Bar de La Habana dona cena de Año Nuevo a los necesitados
Mientras el régimen insiste en discursos de resistencia y normalidad, son los propios cubanos quienes ayudan a los más vulnerables
Más de 250 cubanos en situación de vulnerabilidad pudieron recibir una comida especial de fin de año el 31 de diciembre de 2025 en La Habana, gracias a una acción solidaria organizada por el negocio privado 5K Bar y el proyecto de ayuda humanitaria “Con Amor Todos Juntos”.
La iniciativa permitió que personas de bajos recursos accedieran a una cena gratuita en una fecha que, para muchos en la Isla, transcurre marcada por la escasez y la imposibilidad de celebrar.
La actividad fue impulsada por Hugo Puig González, propietario del establecimiento, junto a Yenier Toledano Torres, creador del proyecto solidario, quienes coordinaron la preparación y entrega de los alimentos.
Según una publicación difundida en el grupo de Facebook “Venta de casa en CIENFUEGOS CUBA Y MAS”, la jornada se desarrolló en un ambiente de respeto, alegría y trato digno hacia los asistentes.
De acuerdo con Toledano, más de 250 personas pudieron disfrutar de una cena completa que incluyó cerdo asado, arroz moro, viandas, ensalada mixta, dulces y bebidas sin alcohol. Además, se entregaron cinco maletines con ropa, colchas y calzado para quienes más lo necesitaban.
“Más de 250 personas disfrutaron de una cena llena de alegría y amor… Todos recibieron un servicio cinco estrellas”, expresó el activista al describir la experiencia.
La acción solidaria fue posible gracias a la colaboración de decenas de personas que realizaron donaciones.
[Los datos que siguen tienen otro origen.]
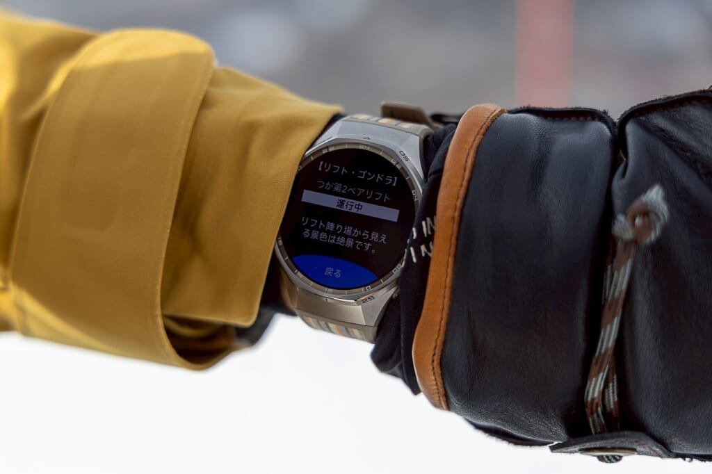 山崎さんは、リフト乗り場付近でウォッチのマップ画面を開き、表示されているリフトをタップしていた。運行状況がその場で確認でき、どのルートで回るかの判断がしやすいようだった。
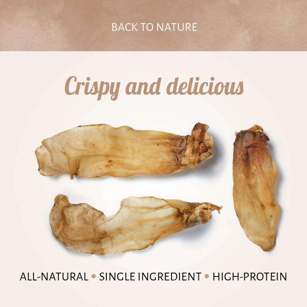 Las Orejas de Cabra curadas son bajas en grasa y representan un bocado hipoalergénico para los perros. Se consideran una buena alternativa a las orejas de cerdo y las orejas de vacuno. Los bocados naturales proporcionan una fuente natural de condroitina, estupenda para aliviar los dolores de articulaciones.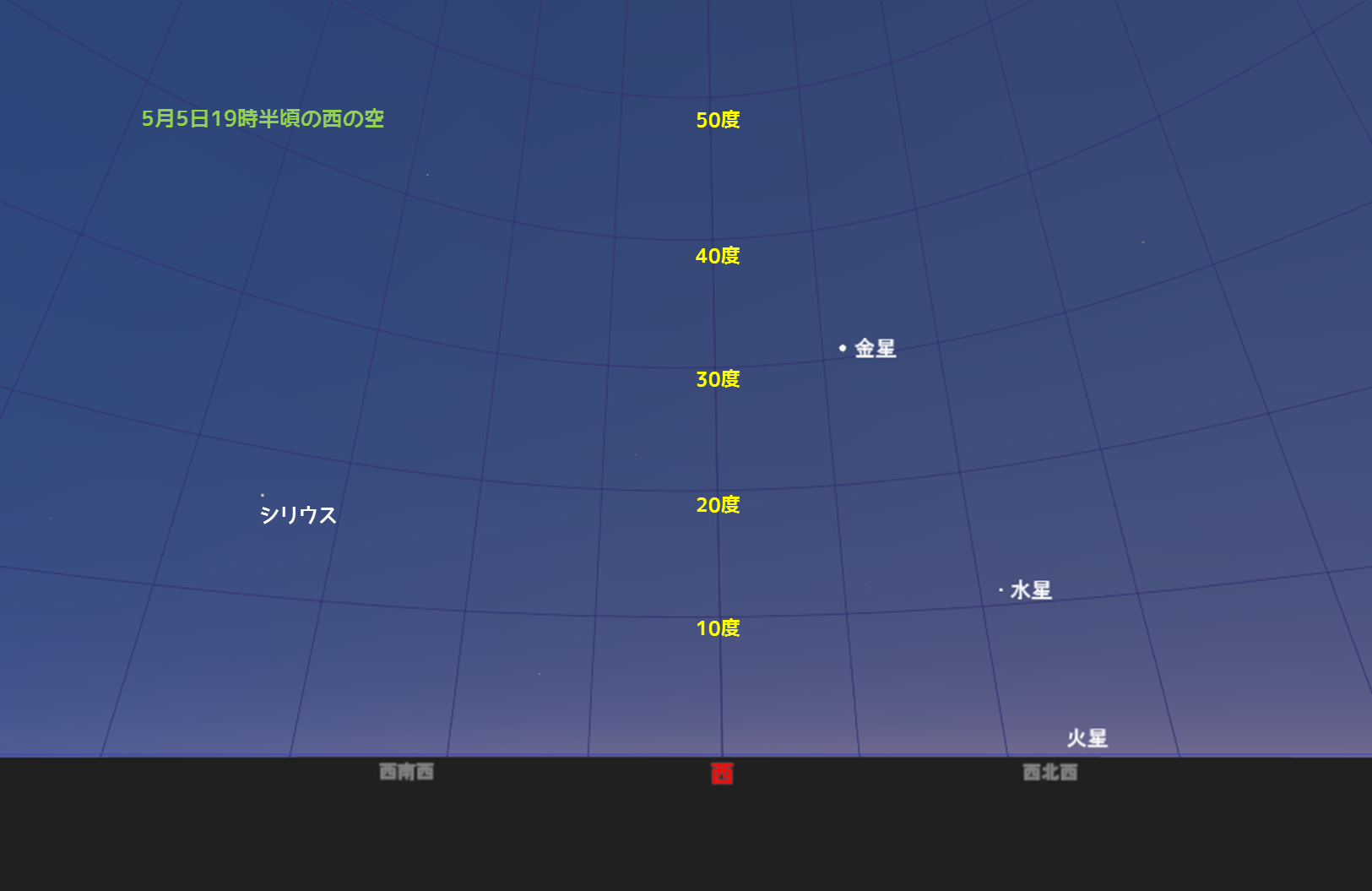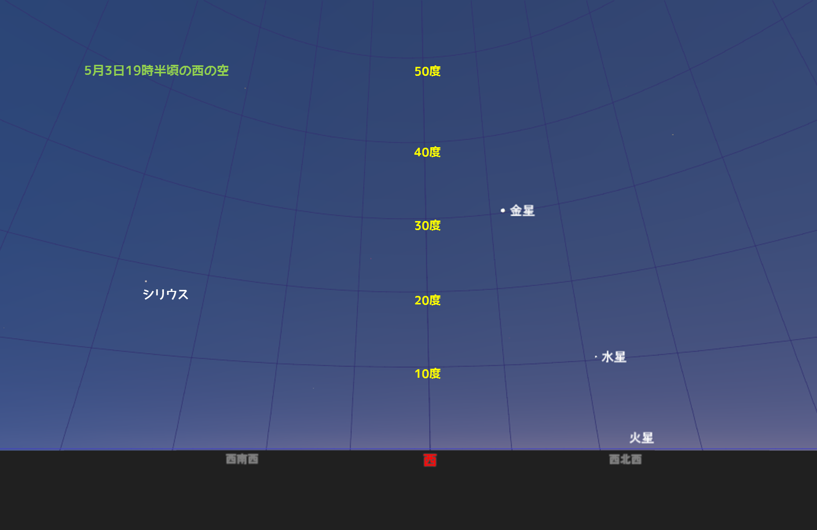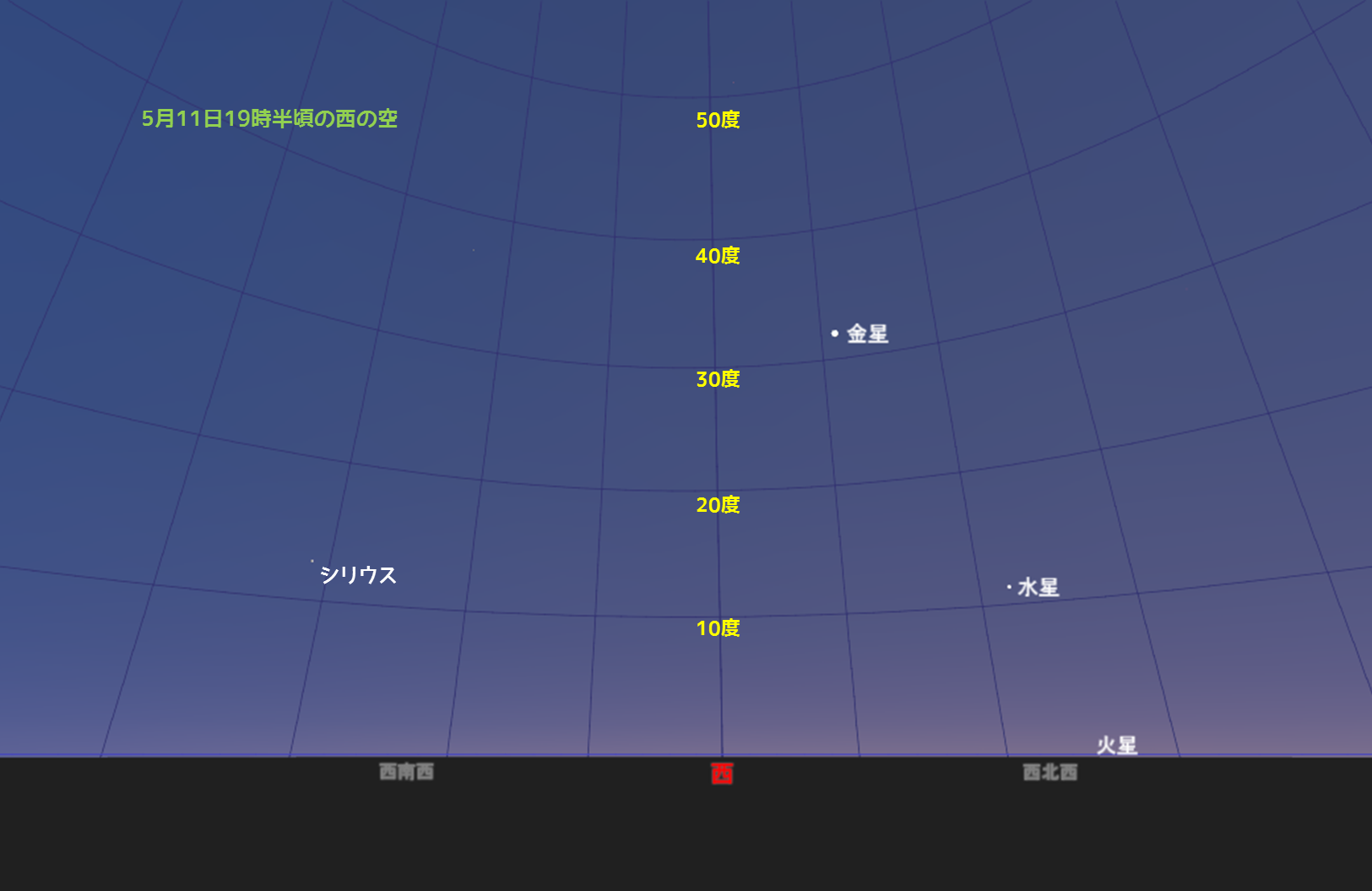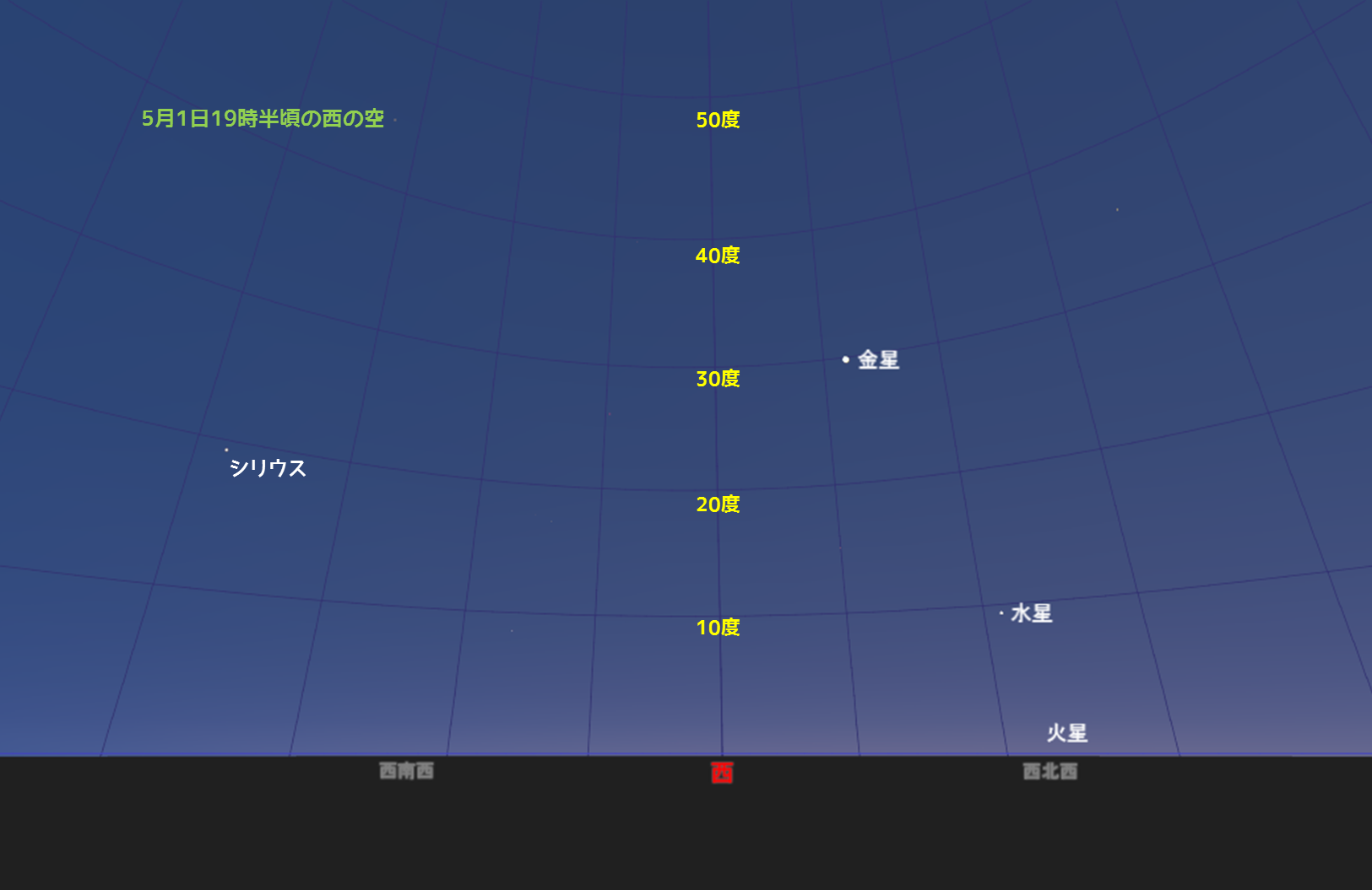 5月1日から15日、19時半頃の西の空、 水星はどの位置に見えるでしょうか?? 画像をクリックすると拡大します。 ※星図はAstroArts社のステラナビゲータver.9を用いて作成しています。 腕を伸ばしたときに、親指の付け根から先端までが約10度です。 5月1日 5月3日 5月5日 5月7日 5月9日 5月11日 5月13日 5月15日

En total, se recaudaron 42.200 pesos cubanos y 5 MLC, recursos que permitieron garantizar tanto la comida como los donativos distribuidos durante la jornada.
En un mensaje posterior, Toledano agradeció a quienes hicieron posible la iniciativa y destacó el gesto de Hugo Puig González por abrir las puertas de su negocio para una causa humanitaria.
Este tipo de acciones adquieren un valor especial en el contexto actual de Cuba, donde la crisis económica y alimentaria ha limitado severamente las celebraciones de fin de año para una gran parte de la población.
Durante 2025, los precios de los alimentos básicos se mantuvieron fuera del alcance de la mayoría de los salarios, mientras la inflación y la devaluación del peso cubano redujeron aún más el poder adquisitivo de las familias.
Para muchos cubanos que no cuentan con familiares en el exterior que puedan enviar remesas, el cierre de año se ha convertido en una fecha sin celebraciones.
Medios independientes han reportado que numerosas familias no pudieron adquirir carne de cerdo, arroz suficiente u otros productos tradicionales de la cena de fin de año, debido tanto a los altos precios como a la escasez persistente en los mercados estatales.
A esta situación se suman los apagones prolongados, que durante todo 2025 afectaron de manera constante a amplias zonas del país.
Los cortes eléctricos, que en ocasiones superaron las 15 y hasta 20 horas diarias, dificultaron la preparación de alimentos y obligaron a muchas familias a renunciar incluso a reuniones sencillas en sus hogares durante las festividades.
En este escenario, iniciativas como la organizada por 5K Bar y “Con Amor Todos Juntos” evidencian cómo la solidaridad ciudadana y la iniciativa privada están supliendo necesidades básicas que el Estado no logra cubrir.
Mientras el régimen insiste en discursos de resistencia y normalidad, son los propios cubanos quienes, desde sus limitados recursos, asumen la tarea de ayudar a los más vulnerables, especialmente en fechas que tradicionalmente simbolizan unión y esperanza.